Jablonski earned a B.A. from Cornell University in 1942 and an M.A. from the Columbia University Graduate School of Journalism the following year.

== Career ==
Jablonski began as the oil editor at the Journal of Commerce, where she made her mark with a 1948 interview in Caracas with Juan Pablo Pérez Alfonso, then the Venezuelan oil minister, which cleverly synthesized the developing nations' viewpoint, in those days rarely heard in the Western hemisphere. She moved to Petroleum Week journal in 1954 and cemented her reputation, speaking on equal terms with oil ministers and company chairmen. A rare woman in a man's world, she was known throughout the oil industry simply as "Wanda".

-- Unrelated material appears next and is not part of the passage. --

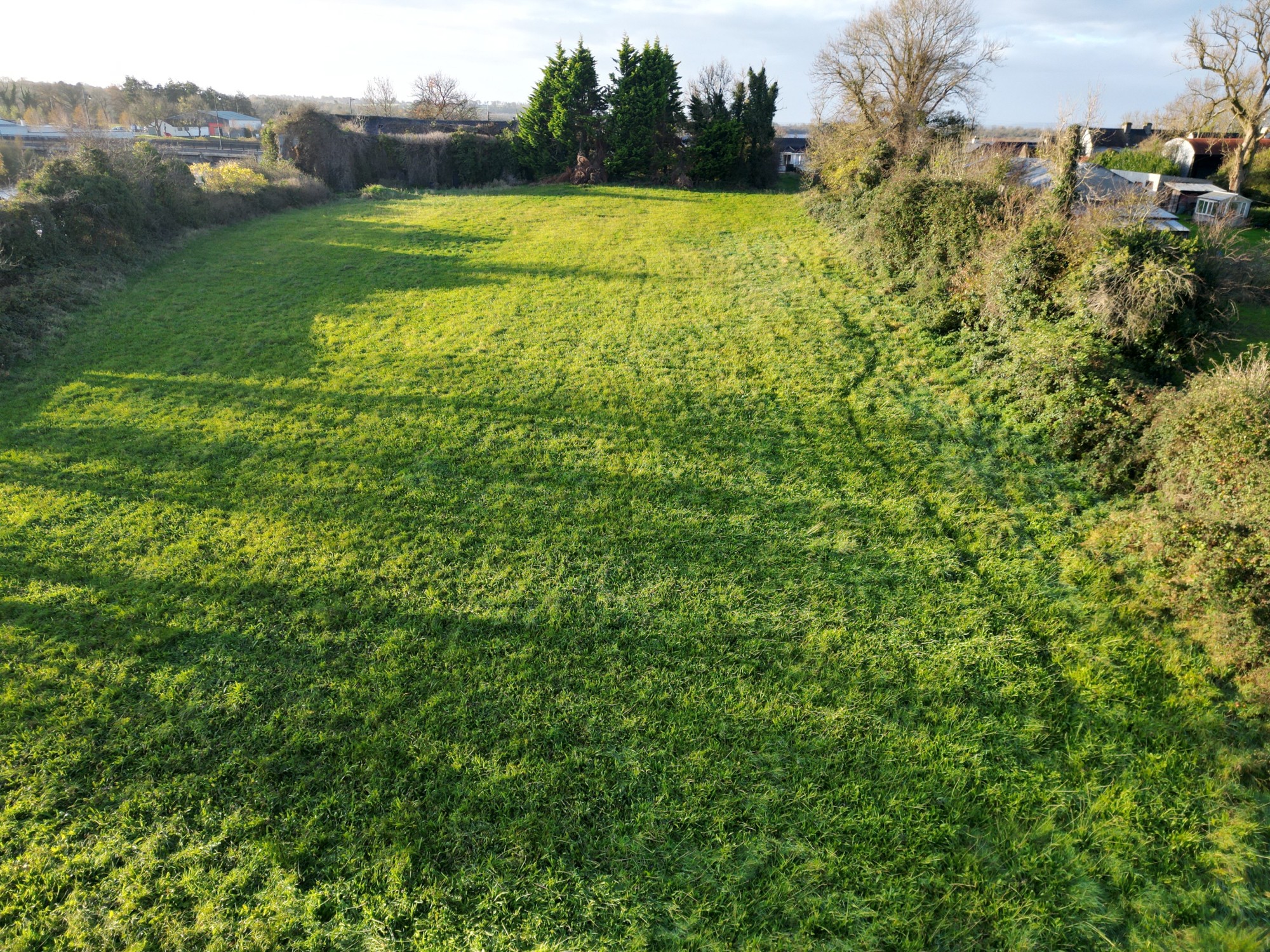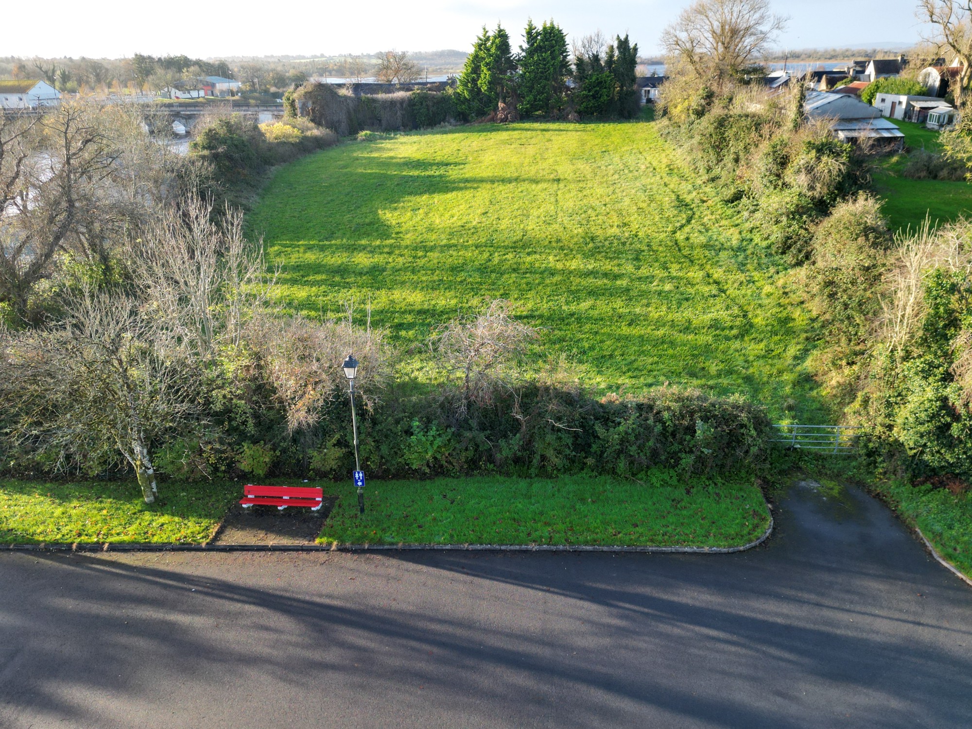 Het perceel heeft twee straatgevels en drie toegangen binnen het woongebied van Ballyleague, allemaal als woongebied bestemd.

She is credited with arranging the 1959 Cairo meeting where Abdullah Tariki, Juan Pablo Pérez Alfonso, and other oil ministers of Middle East signed the "Gentleman's Agreement," or Mehdi Pact (Maadi Pact - after the yacht club in Maadi) a precursor of Organization of the Petroleum Exporting Countries (OPEC), the international organization whose mission is to coordinate the policies of the oil-producing countries. In 1960, Jablonski reported to oil company executives that there was a marked hostility toward the West and a growing outcry against "absentee landlordism" in the Middle East. "From offices in London, New York, and Pittsburgh, top executives of oil companies were controlling destinies of Middle East oil-producing states." Ignoring her warning, in August 1960, the major oil companies unilaterally reduced the prices that were used to calculate how much revenue the producing countries received. As a direct result, in September 1960, representatives from oil-producing countries met and formed OPEC.

She then founded Petroleum Intelligence Weekly in 1961, the journal which came to be known as "the bible of the oil industry", and ran it until 1988.

Jablonski died in 1992 of heart failure at the age of 71.